## Task requirements
In your copy, include every line of the listing below exactly but none of the pictures.

## Information provided

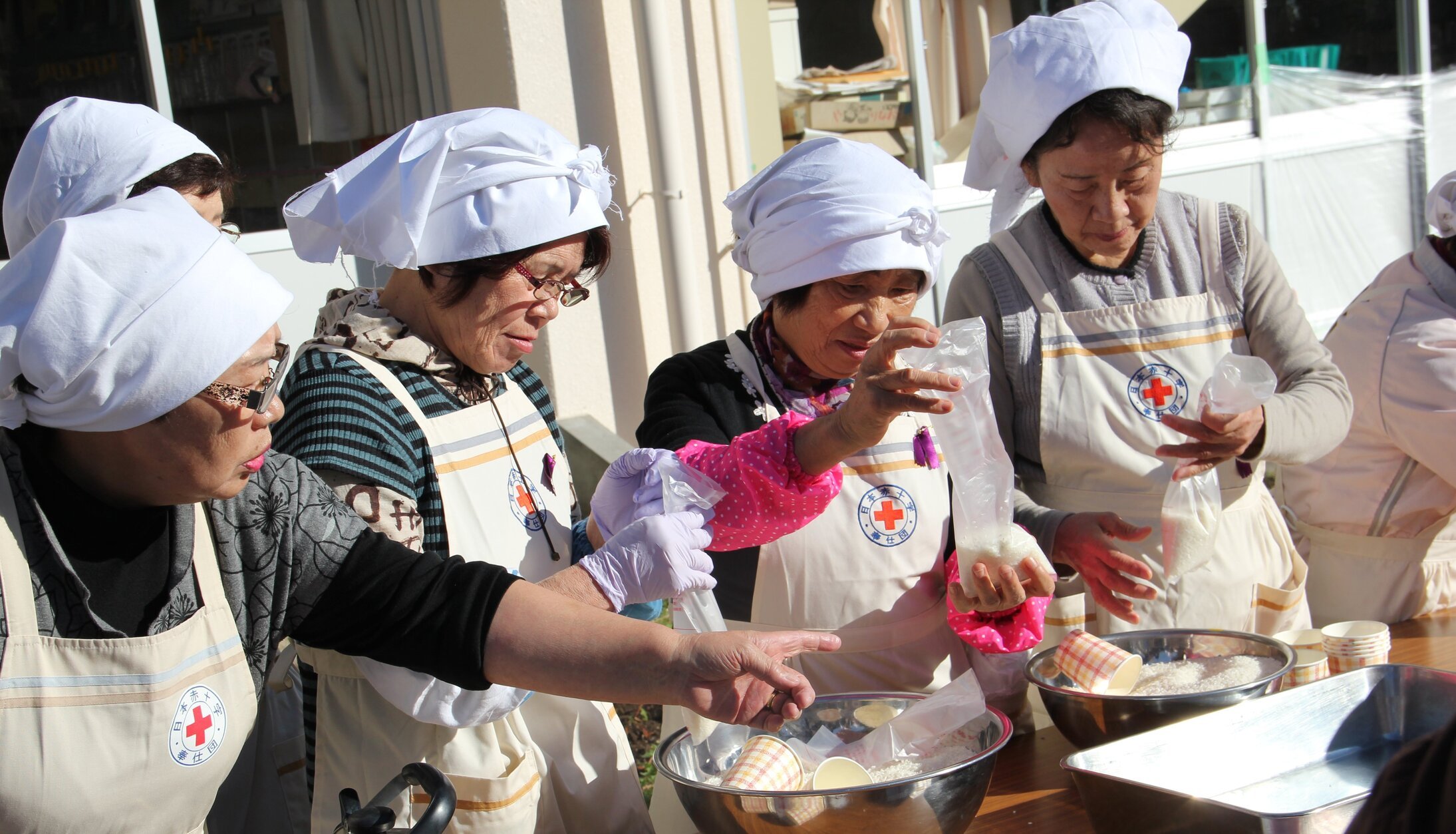 福祉施設への訪問、地域の清掃活動、赤十字社員募集などの奉仕活動のほか、各地域のニーズに応じて炊き出し訓練をはじめとした研修会や、地域自治会と協力して防災訓練などを行っています。
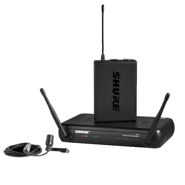 Includes SVX4 Diversity Receiver, and SVX1 Bodypack Transmitter with CVL Centraverse Lavalier Condenser Microphone.
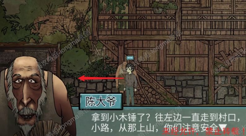29.使用木锤敲击编钟,完成迷宫游戏(按照来时的路线回去),回到住处,和陈大爷完成对话,向右走入村庄,第一章结束。29

## Expected output
 福祉施設への訪問、地域の清掃活動、赤十字社員募集などの奉仕活動のほか、各地域のニーズに応じて炊き出し訓練をはじめとした研修会や、地域自治会と協力して防災訓練などを行っています。
 Includes SVX4 Diversity Receiver, and SVX1 Bodypack Transmitter with CVL Centraverse Lavalier Condenser Microphone.
29.使用木锤敲击编钟,完成迷宫游戏(按照来时的路线回去),回到住处,和陈大爷完成对话,向右走入村庄,第一章结束。29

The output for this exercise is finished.